Álvaro Hauschild - Patriotismo versus Economicismo

por Álvaro Hauschild



Dentro de um modelo capitalista e em prol dele, a educação das crianças se baseia nesta máxima: cada um cuida e usufrui do que é seu. Em um modelo materialmente socialista cabe uma máxima não tão diferente: cada um cuida e usufrui da parte que lhe é dada. Em ambos, como se vê, temos um fundamento e princípio economicista, a partir do que todas as atividades e modos de vida das pessoas se dão. Este princípio economicista regula todas as teorias e modos de pensar e de viver: tudo que o contradiz é condenado pelos governantes e intelectuais e ignorado pelo povo, muitas vezes às algazarras.

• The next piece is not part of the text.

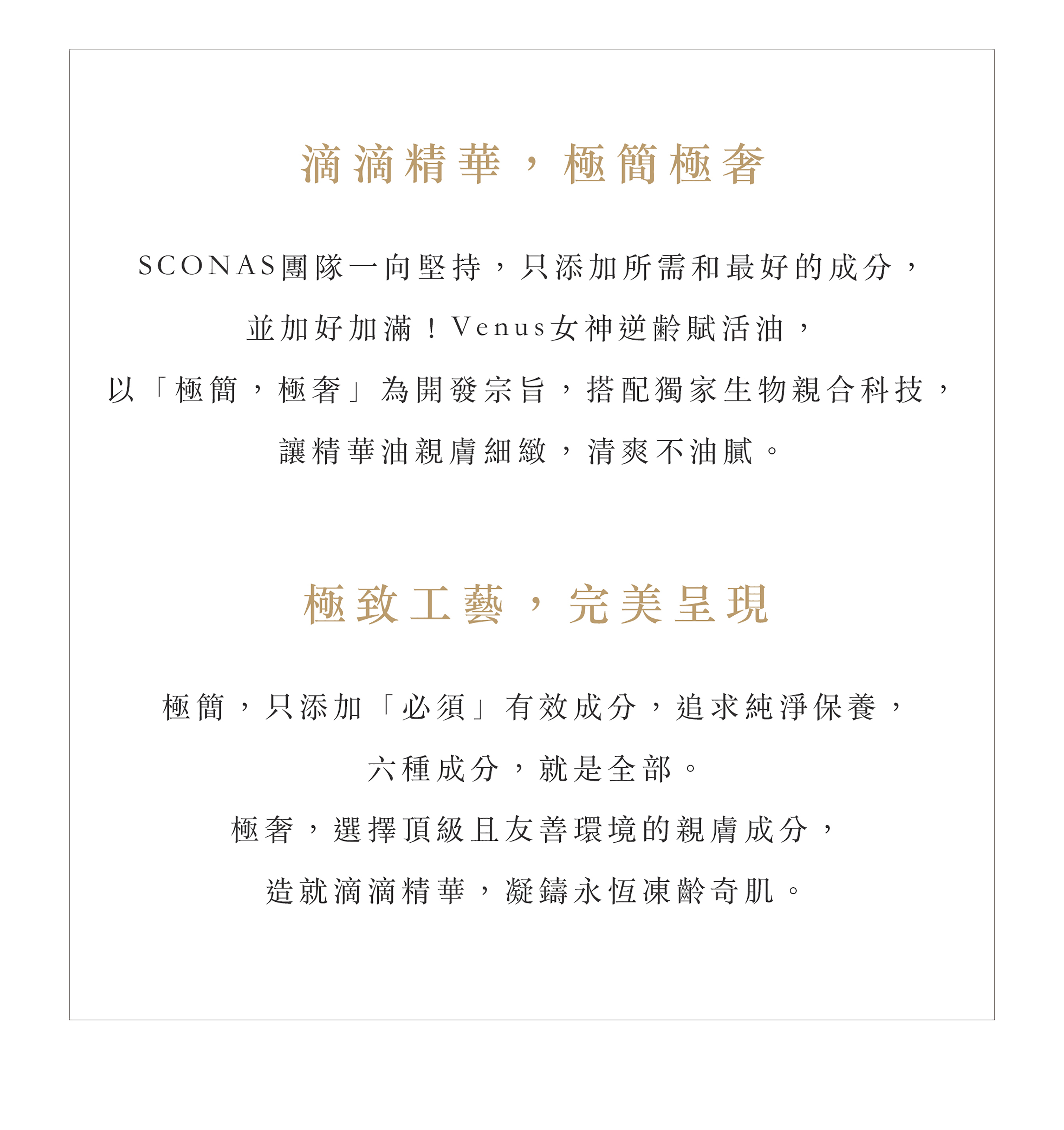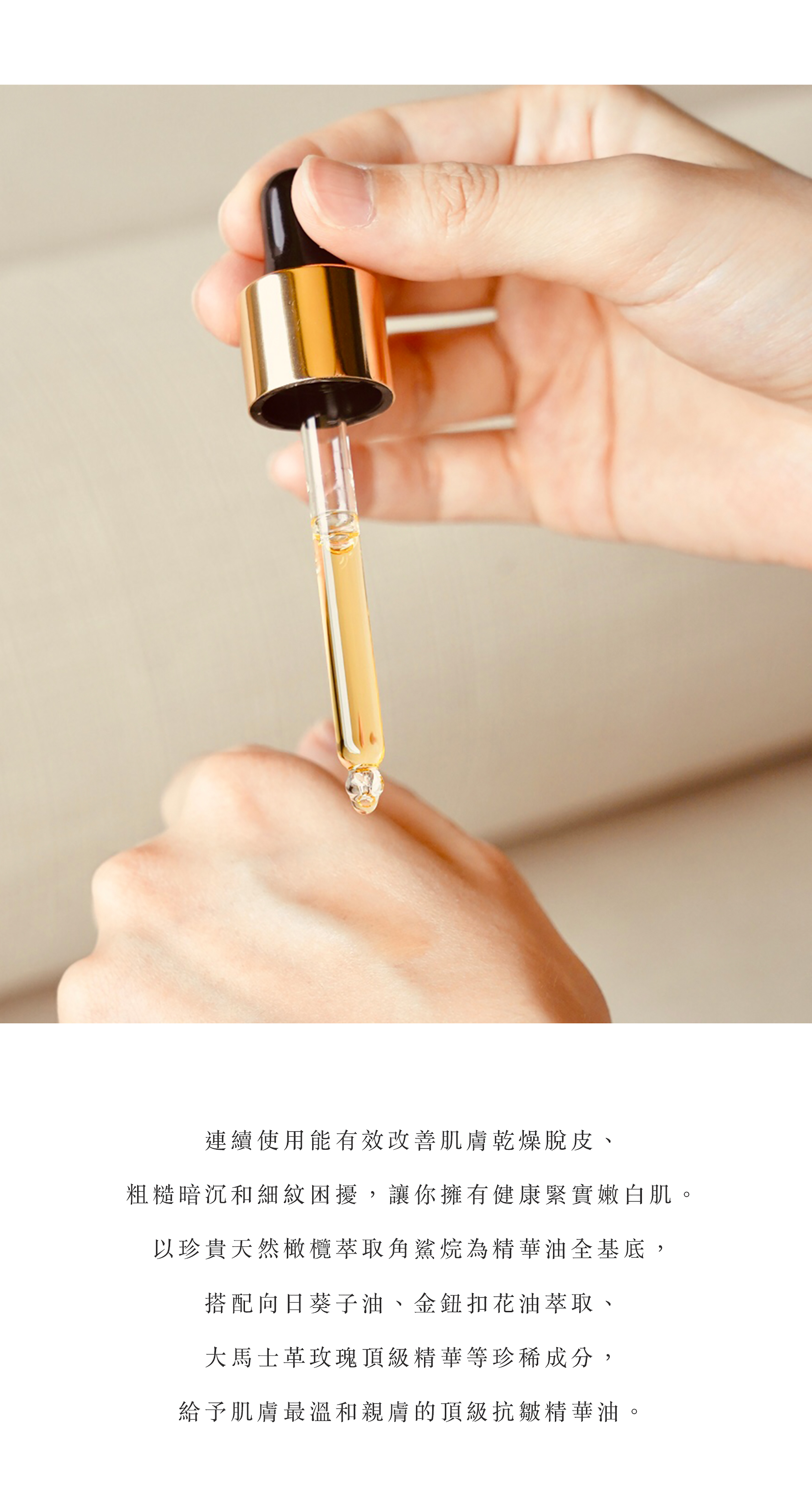 • 針對敏弱、乾燥紅癢、粗糙、暗沉泛黃和有細紋困擾者設計的極致抗皺緊緻精華油。

É desde o economicismo que alcançamos, tanto no capitalismo como no socialismo (que curioso!), a ideia equivocada de "indivíduo"; pois é ele a célula da sociedade, são suas inclinações, seus desejos e ambições materialistas que dão lógica e motor à sociedade como um todo. A lei é usufruir, usar e abusar daquilo que lhe cabe do modo que lhe convir, com único fim de satisfazer seus desejos mais imediatos. É aí que surge o egoísmo, a competição dos prazeres, o desrespeito e a falta de consideração para com o outro - e com isso tudo que não for da esfera individual é rechaçado, tudo que não for materialmente (ou psicologicamente, o que dá no mesmo) útil, esta palavrinha mágica, tudo o que não for útil é excluído, perde seu valor existencial. Assim, a esfera pública (e a natureza), não servindo de nada para a satisfação imediata do indivíduo, deixa de existir para o povo: aparecendo como um "espaço extra", serve para lá se jogar tudo o que na propriedade individual causa desconforto; então o lixo é jogado das janelas das casas e dos carros nas ruas, monumentos servem para o divertimento de pixadores, e aparece o fenômeno da feificação da sociedade.

Essa feificação, porém, toma proporções quiméricas, e acaba por dominar todos os setores da sociedade, ou seja, acaba por dominar todos os ambientes onde o indivíduo vive. A vida individual se torna um inferno e, sem se dar conta do motivo, covarde do jeito que é, desconta sua raiva justamente na esfera pública: música alta, xingamentos, brigas e empurrões em filas e transporte público, e assim por diante. O indivíduo sabe que não será penalizado gravemente porque não extrapolou a propriedade de alguém - e a propriedade é um mantra do economicismo.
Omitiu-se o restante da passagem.